# Not sure why I'm feeling like this..



## monicagrace27 (Apr 3, 2012)

Well, I don't know exactly what I'm looking for: advice, comfort, or just any input at all, I'm just a little upset. My boyfriend and I have become, well, intimate in the past few weeks, but we said that it would be something just between us, and I liked that. 

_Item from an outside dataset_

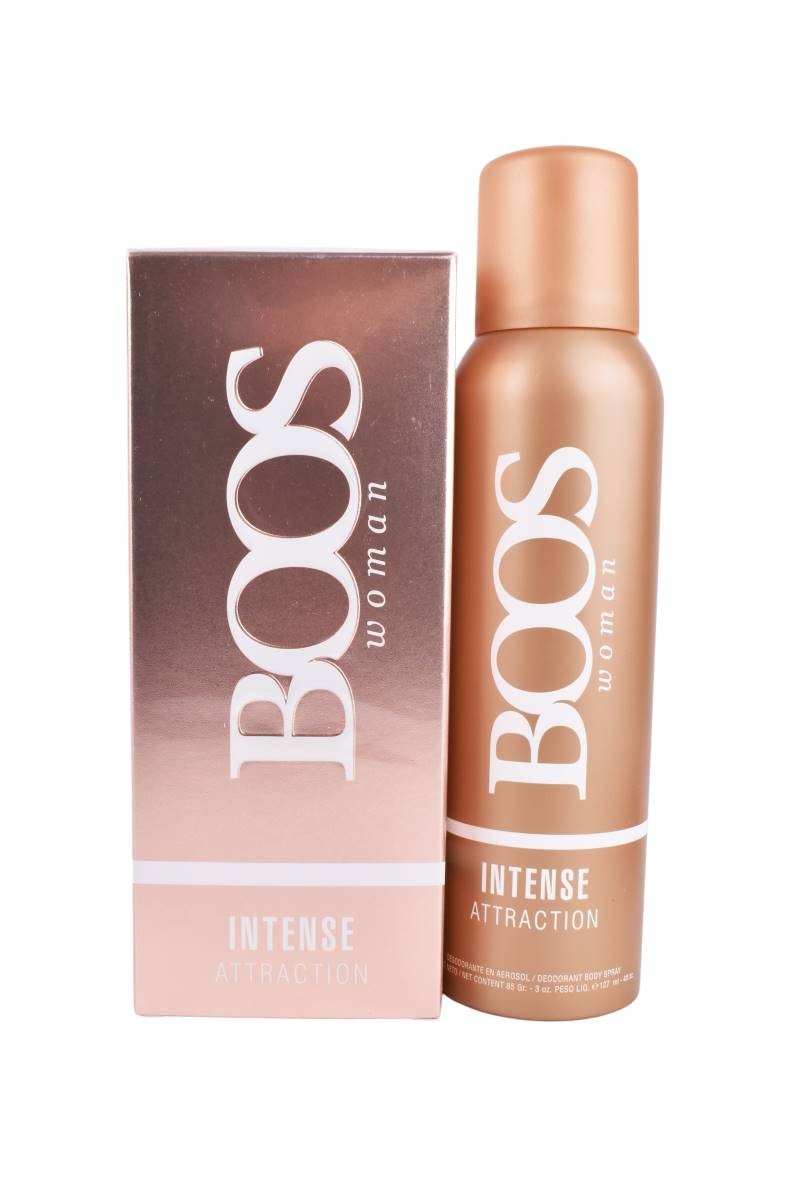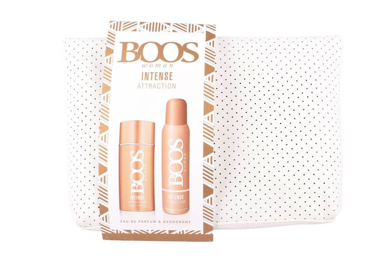 Desata una estela seductora y duradera con el set BOOS Intense Attraction Woman. Incluye el Eau de Parfum, el Desodorante spray y un práctico neceser de regalo, todo en un atractivo tono oro rosado.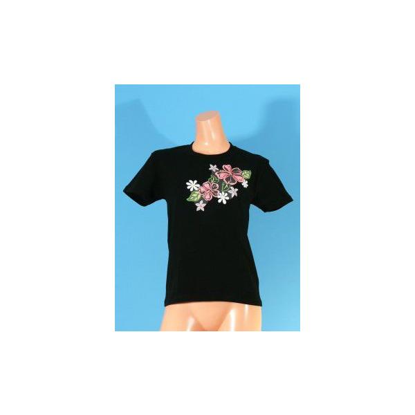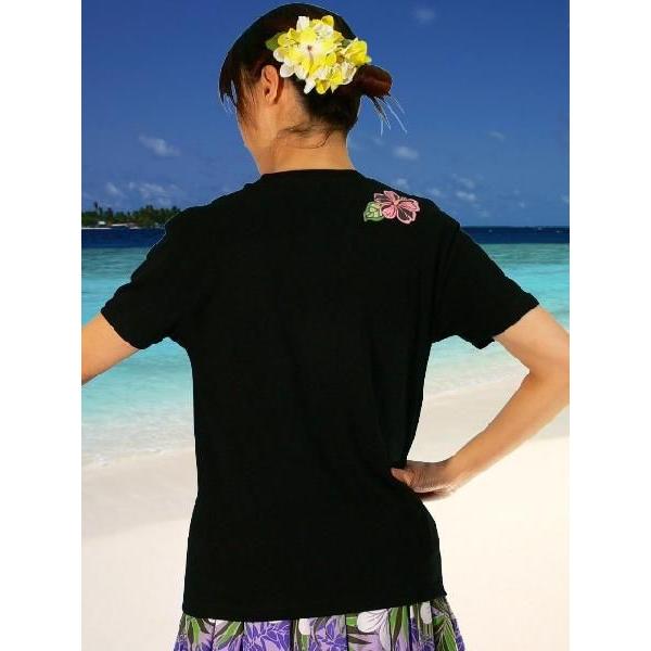 フラダンス Tシャツ L ハイビスカス&ティアレ ブラック 790lb

Then, after a couple of weeks, I talked to my best friend about it and it wasn't a big deal, we haven't talked about it since. But now I just found out that my boyfriend told his whole band (5 other people). I know that I told my friend as well, but this just upsets me. When I asked him about it, he told me that he honestly thought that I had said that I didn't mind and he felt terrible. We talked it out and everything is fine between us, but it still bothers me, and I don't know why. It just makes me very unhappy. I don't know how to overcome this feeling of being upset and maybe even a little hurt.


----------



## monicagrace27 (Apr 3, 2012)

I realize that I told as well which is why it doesn't make sense to me that I am upset. I'm afraid that perhaps I feel a little guilty about doing it in the first place which is why I do not want others to know. I just don't know any of the people that he told, yet he is close to my friend that I told. I realize that I am just as much at fault. Perhaps I am embarrassed as well. Why else would I be upset?


----------



## occasionallybaffled (Apr 12, 2012)

monicagrace27 said:


> Well, I don't know exactly what I'm looking for: advice, comfort, or just any input at all, I'm just a little upset. My boyfriend and I have become, well, intimate in the past few weeks,* but we said that it would be something just between us, and I liked that.*
> 
> Then, after a couple of weeks,* I talked to my best friend about it and it wasn't a big deal, *we haven't talked about it since. But now I just found out that my boyfriend told his whole band (5 other people). I know that I told my friend as well, but this just upsets me.* When I asked him about it, he told me that he honestly thought that I had said that I didn't mind and he felt terrible. *We talked it out and* everything is fine between us*, but it *still bothers me*, and I don't know why. It just makes me very unhappy. I don't know how to overcome this feeling of being upset and maybe even a little hurt.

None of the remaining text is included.